Lets generate the 'convex hull' around the set of points for San Luis Obispo County.
This is the polygon bounding all of the points in the subset. We'll use the chull()
function (part of the base grDevices package) to generate the convex hull:

#
# calculate and then draw the convex hull around the point subset
#
    hullpts = chull(subsites)
#
# chull() returns a vector of integer coordinates. close the 'polygon' by appending the first to the last.
#
    hullpts = c(hullpts,hullpts[1])
#
# plot the hull by referencing the 'subset of the subset' points and connecting the dots.
#
    lines(subsites[hullpts, ],col="green")
#
# Note that chull() does not generate a polyon object, merely a vector of integers
# that we then transform into a set of plottable point coordinates:
#
# Plot the convex hull outline. First for San Luis Obispo County (wide dispersal)
#
#


Note that the convex hull is bounded by four of the data points. Sets save the geographic coordinates
of these points, and use them below to compute the area of the convex hull polygon.
#
# Lets save the convex hull for the first county (San Luis Obispo) for polygon area calculation demo....
# subsites vector contains the actual coordinates; hullpts contains indexes of the points we need...
#
    if (iCtr == 1)
         matChull = as.matrix(subsites[hullpts, ])
#
# 
# now look at one other convex hull polygons for comparison
# ..and then for Santa Barbara County (narrow dispersal)
#


Next, perform another type of region-of-interest calculations: Voronoi (or Thiessen) polygons.
The points inside each Voronoi polygon are closer to the corresponding 'set point' than they
are to any other points in the set (in this case, the points within each county. Voronoi polygons
are often used as first-order estimates of 'regions of interest' (ROI)  surrounding point features.

#
# Next, generate 'regions of interest' around each point using Voronoi polygons.
# Definition of a Voronoi (or Thiessen) polygon: The area around a site that contains
# all points witch are closer to that point than to any other point in the set.
#
# Demonstrate two ways to compute these: The PBSMapping package CalcVoronoi routine,
# which ecpects the point in a data frame, and the tripack package 'voronoi' routine,
# which expects a matrix or x/y coordinates.
#  # First, use PBSMapping package calcVoronoi:
#
  events <- as.event.data(data.frame(EID=1:len,X=xy[,1],Y=xy[,2],projection=1)
  Vpolys <-calcVoronoi(events)
#
# Plot the region-of-interest polygons, first in black and white, then shaded.
#
# simple line drawing
#
  plot.new()
  plotPolys(Vpolys)
#
Here is a simple line plot of Voronoi polygon ROIs.....

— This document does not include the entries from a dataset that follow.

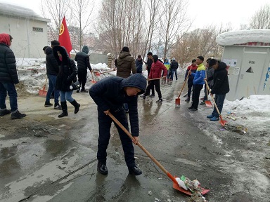 在社区干部的带领下,青年志愿者们分为三组,一组到二级电站残疾人家庭,打扫院内积雪;二组到嘉逸小区周边清扫道路,打扫冰雪,为居民出行提供方便;三组来到阿勒泰市福利院,为福利院的老人们打扫卫生,收拾房间,使老人们拥有一个舒适整洁的生活环境。
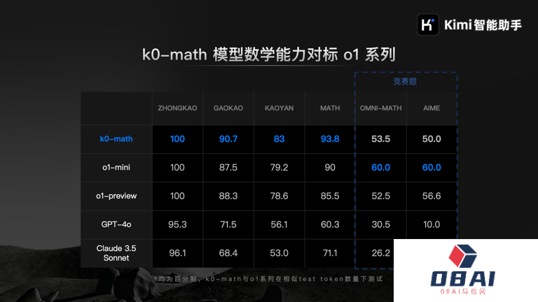 11月16日,国内人工智能大模型创业公司月之暗面基于Kimi Chat大模型发布了新一代的数学推理模型k0-math。基准测试显示,Kimi k0-math的数学能力可对标全球领先的OpenAI o1系列已经公开的两个模型版本:o1-mini与o1-preview。
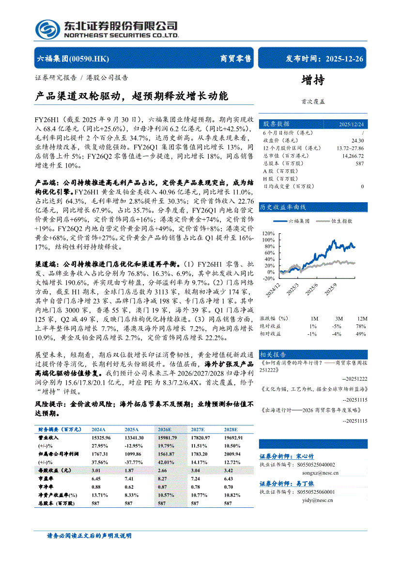 六福集团:东北证券-六福集团-0590.HK-产品渠道双轮驱动,超预期释放增长动能-251226
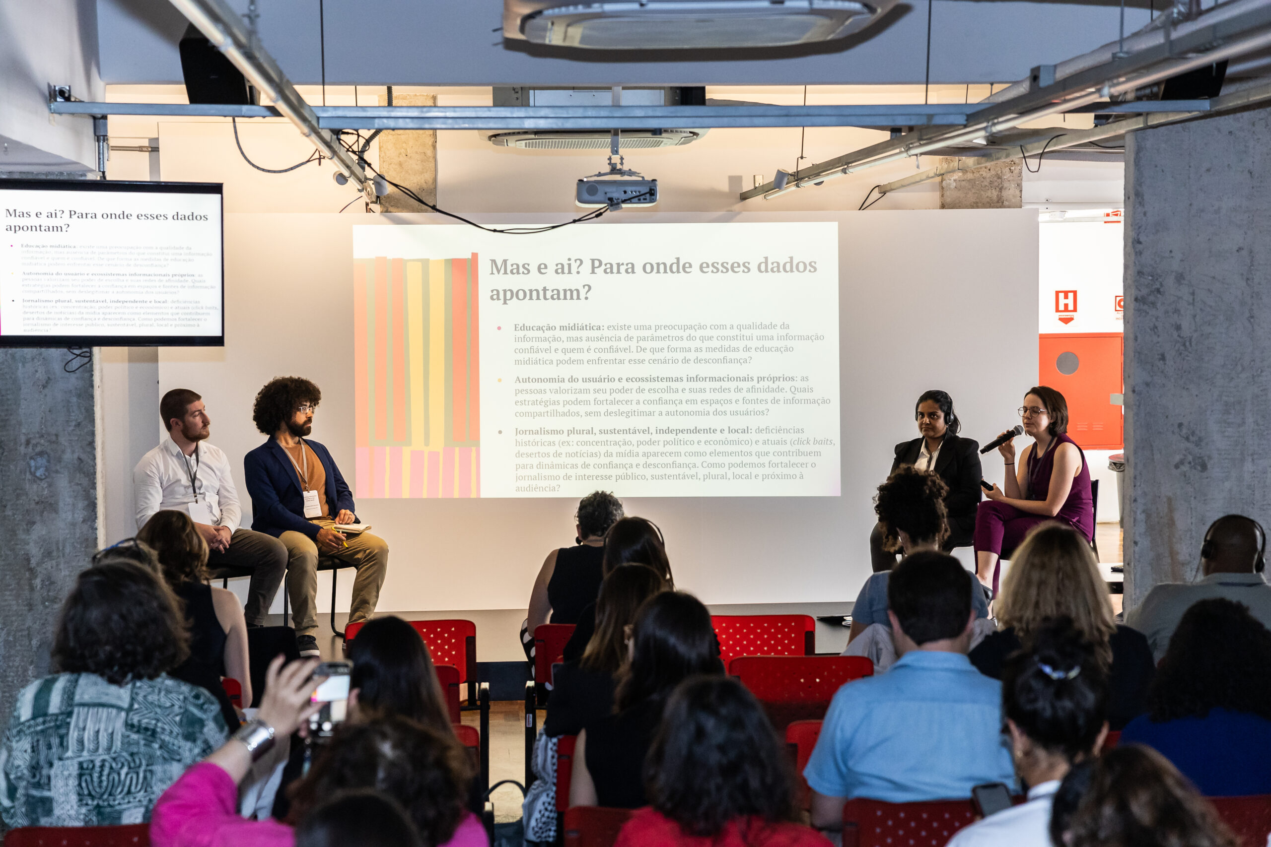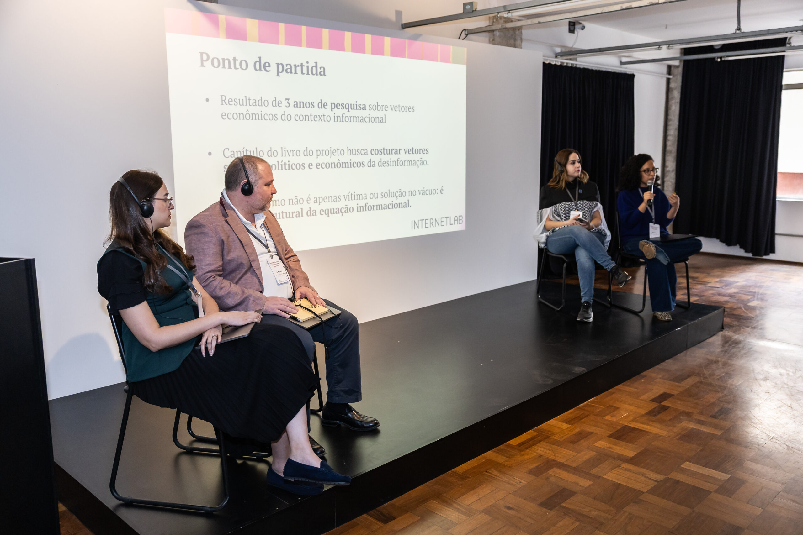 Alongside the internal workshop, InternetLab also organised a public event that drew an audience of more than 50 journalists, offering them a chance to hear directly from research teams whose work spans three regions. The public session featured two panels – “Journalism, Disinformation, and Regulation” and “Media Consumption and Disinformation.”

Here is the result of point-in-polygon calculations for San Luis Obispo County, with the greatest point dispersion....
#
# shaded diagram requires a little preparation
#
  ploydata <- calcArea(Vpolys)
  names(polydata) <-[is.element(names(polydata),"area"} <- "Z" 
  colSeq <- seq(0.4,0.95,length=4)
  polydata <- makeProps(polydata,breaks=quantile(polydata$Z,c(0,.25,.5,.75,1)),propName="col",                               propVals=rgb(colSeq,colSeq,colSeq)) plotMap(Vpolys,polyProps=polydata)
  plotMap(Vpolys,polyProps=polydata)
#
# add the point locations
#
  addPoints(events,pch=19)
#
# Finally, add the outlines of the county polygons in red.
#
  plot(TcPolys,border="red",add=TRUE)
#

...And here are the regions, shaded, with the County outlines in red. Shading
is proportional to polygon areas; smaller polygons=darker shading.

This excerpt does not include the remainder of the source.